Now, let's simplify the limit expression, by canceling out terms: $$L = \lim_{k \to \infty} \frac{(k)(x-1)(x-1)^{k}}{(k+1)}$$ Now bring out the \(|(x-1)|\) term: $$L = |x-1| \lim_{k \to \infty} \frac{k}{k+1}$$

To find the convergence, we'll calculate the limit: $$L = |x-1| \lim_{k \to \infty} \frac{1}{1+\frac{1}{k}}$$ The fraction inside the limit approaches 1 as \(k\) goes to infinity, so we have: $$L = |x-1|$$ For convergence, \(L < 1\), which is the condition for the ratio test. Thus, $$|x-1| < 1$$

To find the radius of convergence \(R\), we'll solve the inequality obtained in step 3: $$-1 < x-1 < 1$$ Adding 1 to all parts of the inequality, we get: $$0 < x < 2$$ The radius of convergence, \(R\), is equal to half the length of the interval: $$R = \frac{2}{2} = 1$$ Thus, the radius of convergence is 1.
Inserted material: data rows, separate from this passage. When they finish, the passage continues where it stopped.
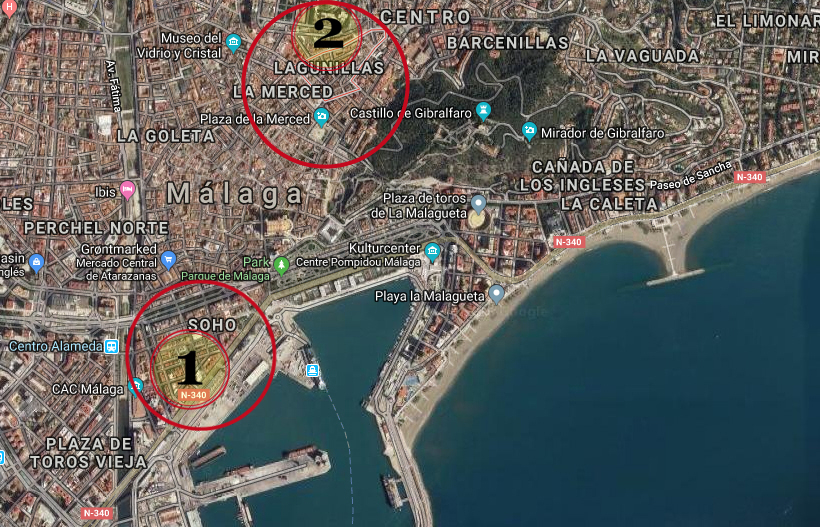 Vi starter i Soho (1) og går så videre til Lagunillas (2) - to meget forskellige kvarterer
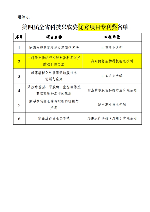 山東健源生物科技有限公司申報(bào)的《一種微生物秸稈發(fā)酵劑及其發(fā)酵秸稈的方法》項(xiàng)目獲得山東省農(nóng)業(yè)科技轉(zhuǎn)化促進(jìn)會(huì)科技興農(nóng)獎(jiǎng)優(yōu)秀項(xiàng)目獎(jiǎng)專利獎(jiǎng)。健源生物旗下子公司山東寵言生物科技有限公司申報(bào)的《寵物清潔健康養(yǎng)殖關(guān)鍵技術(shù)研發(fā)與應(yīng)用》項(xiàng)目獲得山東省農(nóng)業(yè)科技促進(jìn)會(huì)科技興農(nóng)獎(jiǎng)優(yōu)秀項(xiàng)目獎(jiǎng)一等獎(jiǎng),董事長(zhǎng)王誠(chéng)為兩個(gè)項(xiàng)目的第一完成人。
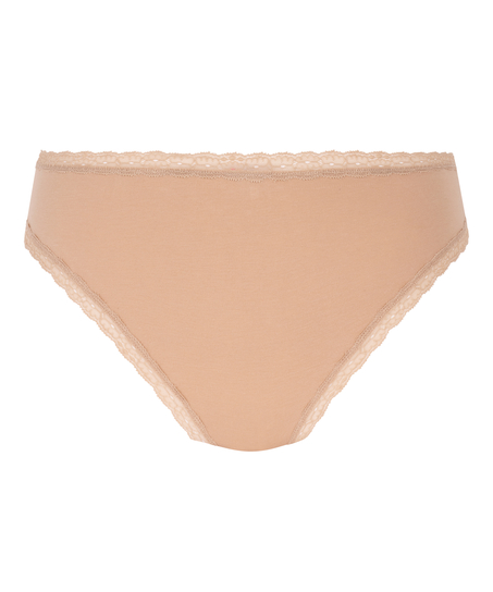 Bomuldskvalitet og pyntet med en sød blondekant. Let at kombinere med enhver bh i samme farve. Det superkomfortable must, føles ny og bedre på hånden og er ekstremt blød og strækbar. Med smukke blomsterblonder, der gør stilen ekstra moderne.
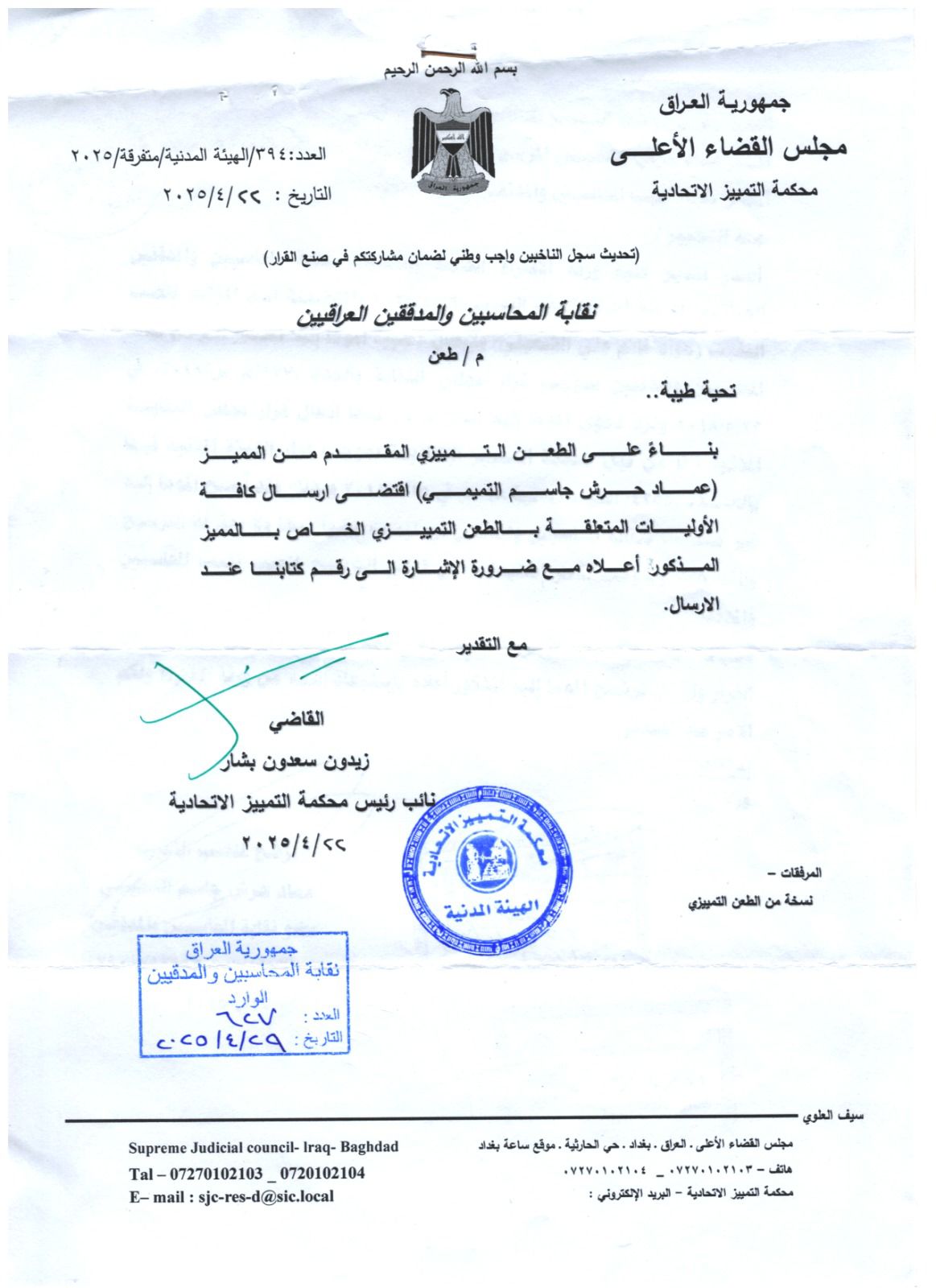 قضى نائب رئيس محكمة التمييز الاتحادية زيدون سعدون بشار، بإرسال أوليات الطعن التمييزي المقدم من المرشح لمنصب نقيب المحاسبين والمدققين عماد التميمي في الانتخابات التي أُجريت يوم السبت الموافق 26 نيسان الماضي، كخطوة أولى للنظر في الطعن المقدم من التميمي.
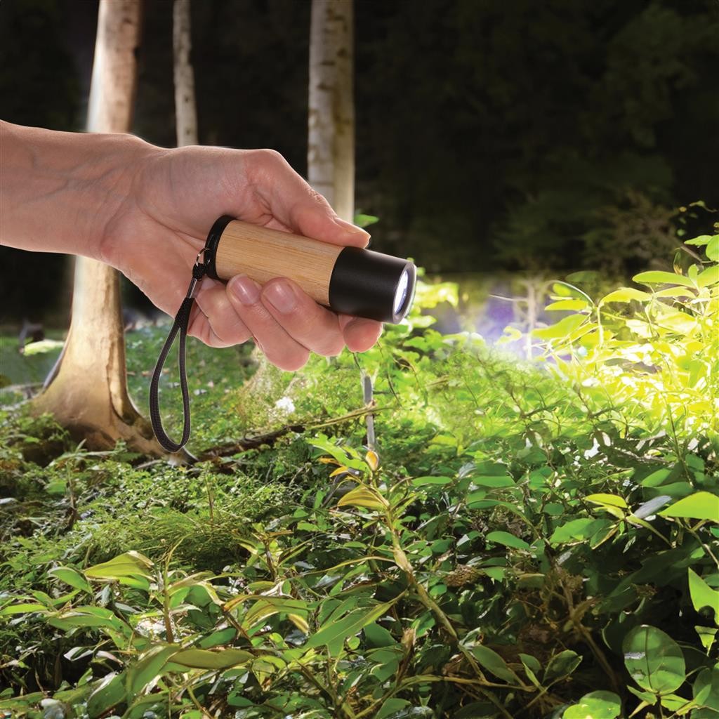 Lampe de poche de poche fabriquée en bambou FSC® 100% et en plastique recyclé certifié RCS (Recycled Claim Standard). Teneur totale en matières recyclées : 36% basée sur le poids total de l’article. La certification RCS garantit une chaîne d’approvisionnement entièrement certifiée en matières recyclées. La distance du faisceau est de 20 mètres et fournit 30 lumens. Conditionné dans un emballage en kraft FSC® mixte. Article et accessoires 100% sans PVC. Piles incluses.
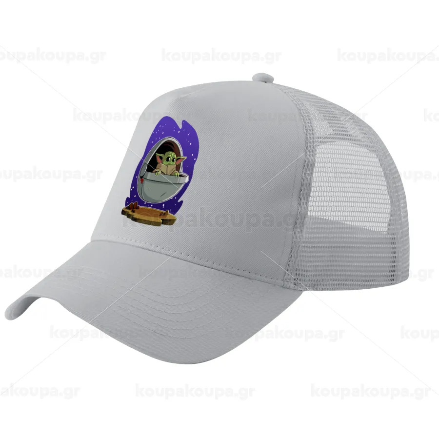 Baby Yoda mandalorian, Καπέλο Trucker με Δίχτυ, ΓΚΡΙ, (ΒΑΜΒΑΚΕΡΟ, ΠΑΙΔΙΚΟ, UNISEX, ONE SIZE)
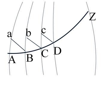 If the divisions of AZ are made sufficiently small, the triangles ABa, BCb, CDc….. will be small enough to be treated as plane triangles instead of spherical triangles.
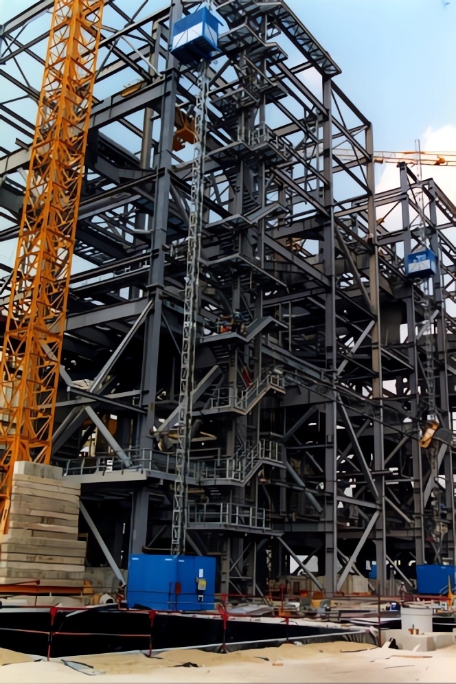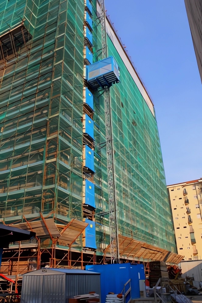 Građevinske dizalice za prevoz ljudi i materijala, sa kabinom koja se vertikalno vodi.
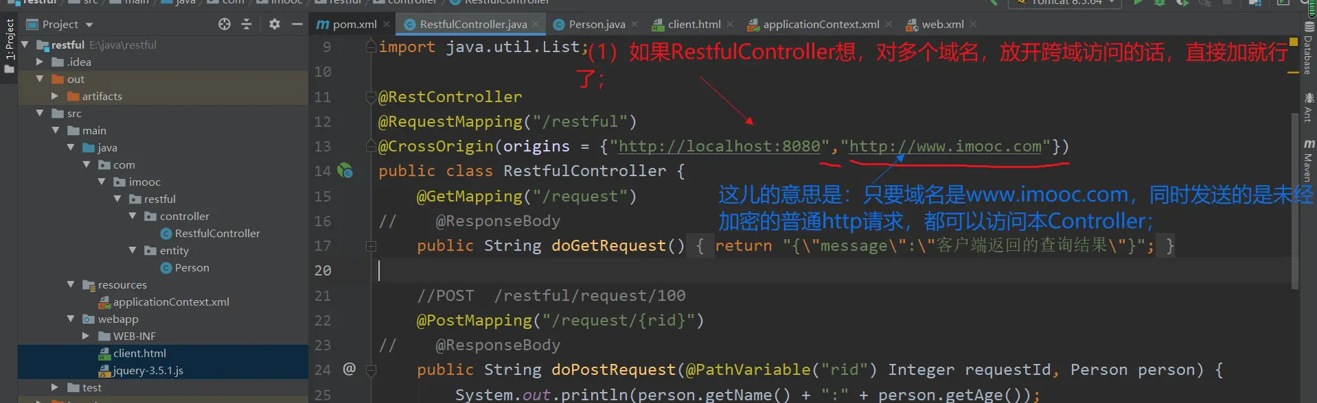 @CrossOrigin(origins = {"http://localhost:8080","http://www.imooc.com"})
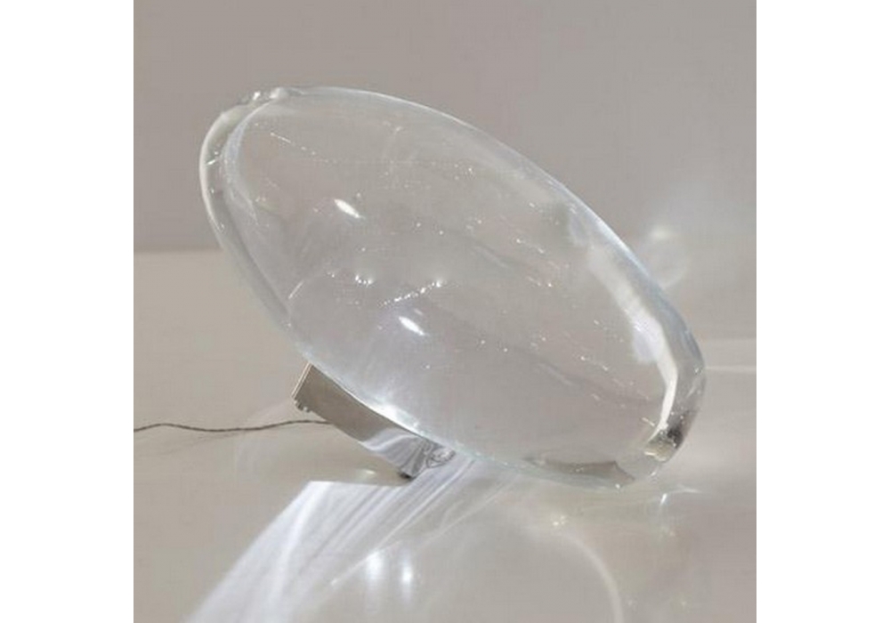Atman von Enzo Catellani für Catellani & Smith entworfen, ist eine Tischlampe mit LED-Lichtquelle, die durch einen Kristall projiziert wird, eine Art Schmucklampe. Es besteht aus ovalem Kristall mit Nickelbasis und Schwarz-Dimmer.
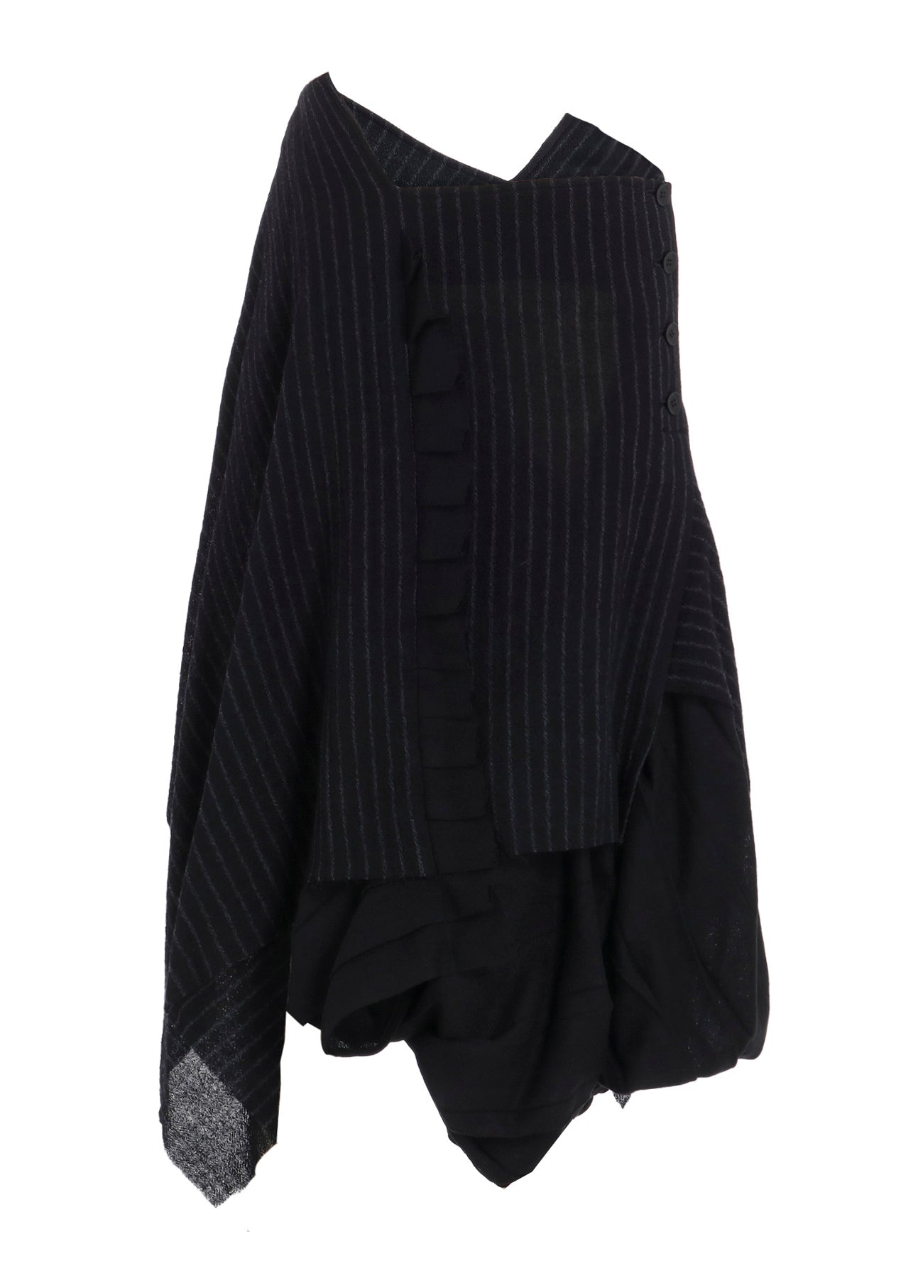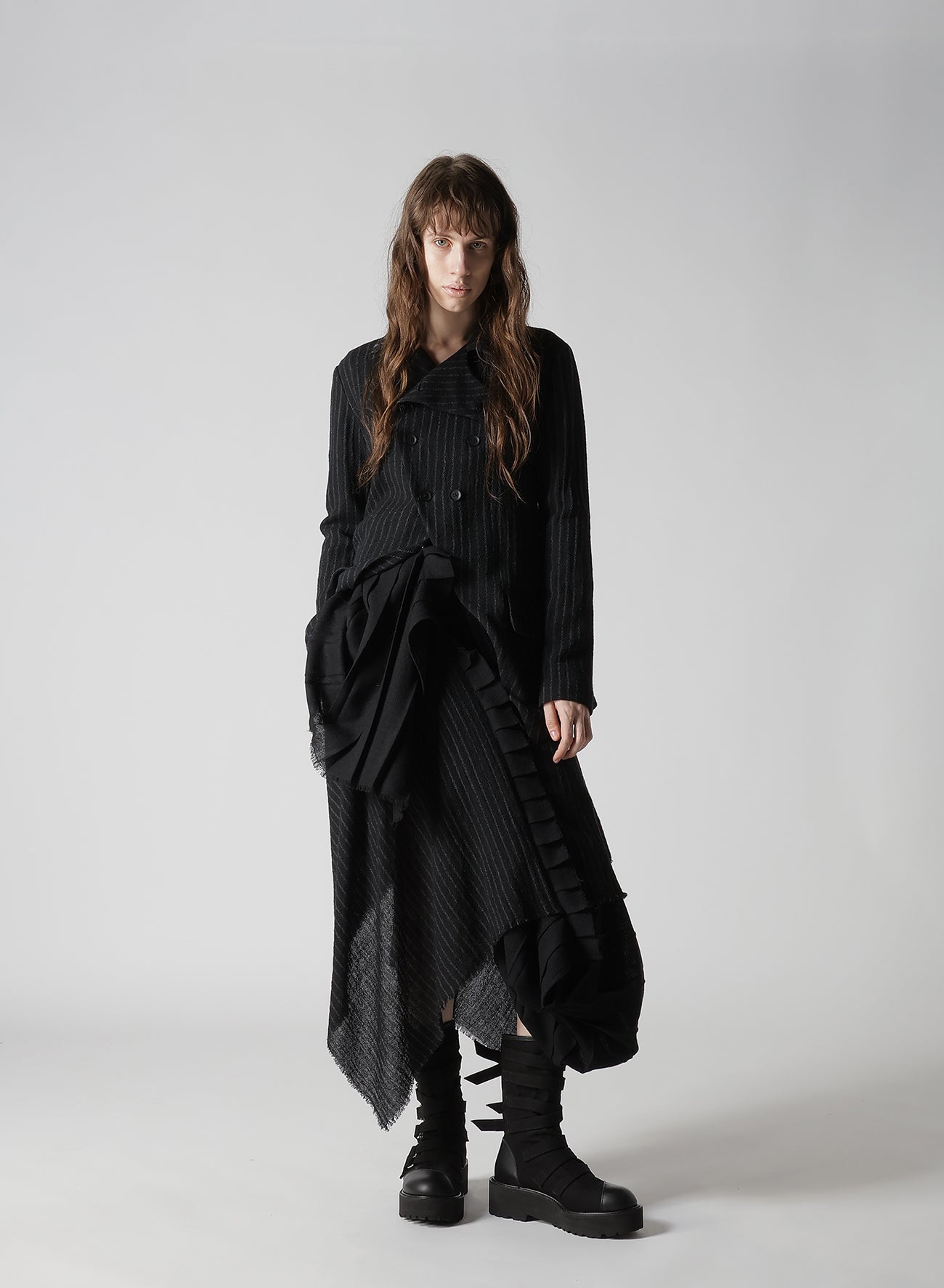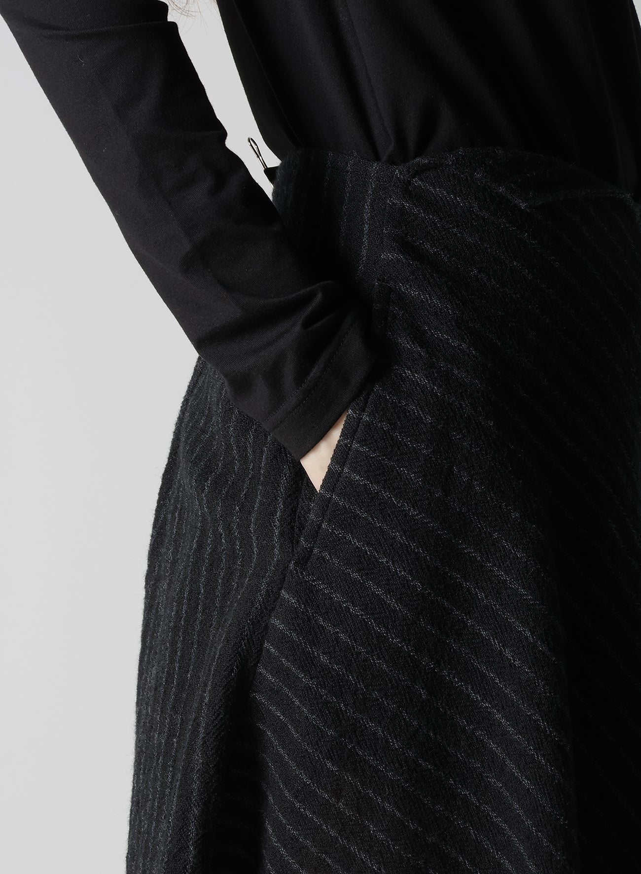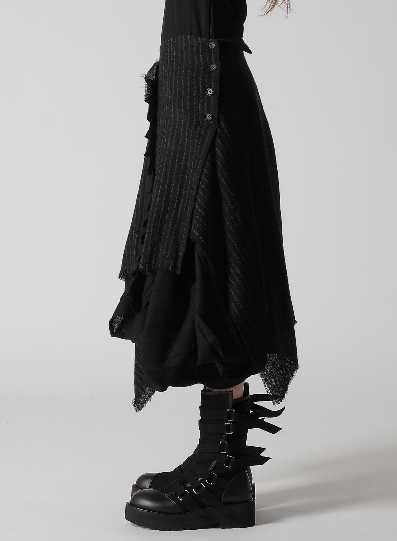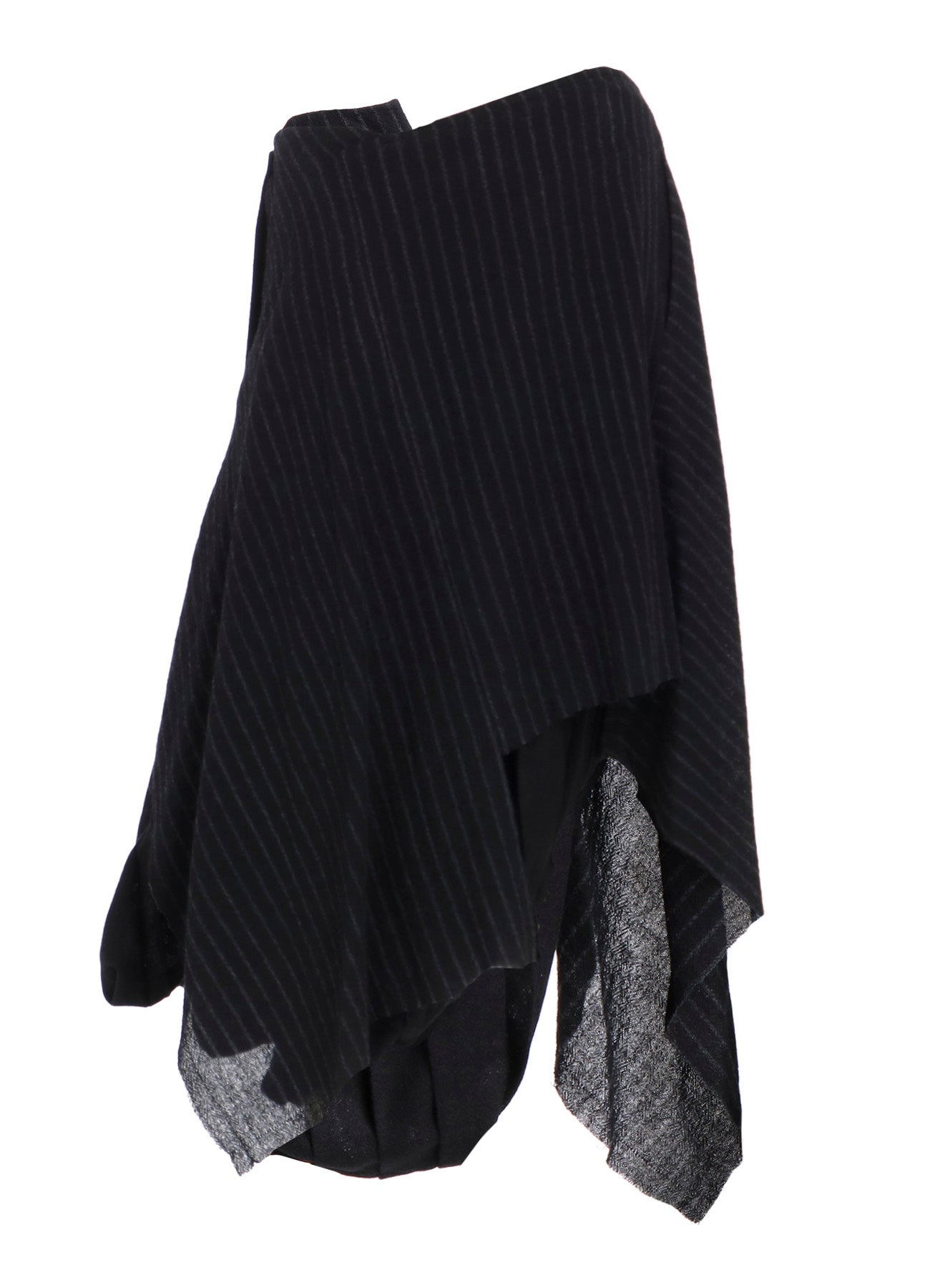 The fabric described is a loosely woven, fulled stripe gauze that offers a soft, light texture. Skirts crafted from this material feature pleats and a 3D pattern, which create a dynamic appearance. Each piece is uniquely cut and frayed, adding a rag-like look that evolves over time.

Now we need to test the endpoints of the interval to determine the interval of convergence. For \(x = 0\), the series is \(\sum \frac{(-1)^k}{k}\), which is a convergent alternating series. For \(x = 2\), the series is \(\sum \frac{1^k}{k}\), which is a harmonic series that is known to be divergent.

Based on the previous step, we can now write down the interval of convergence for the given power series: The interval of convergence is \(0 \le x < 2\).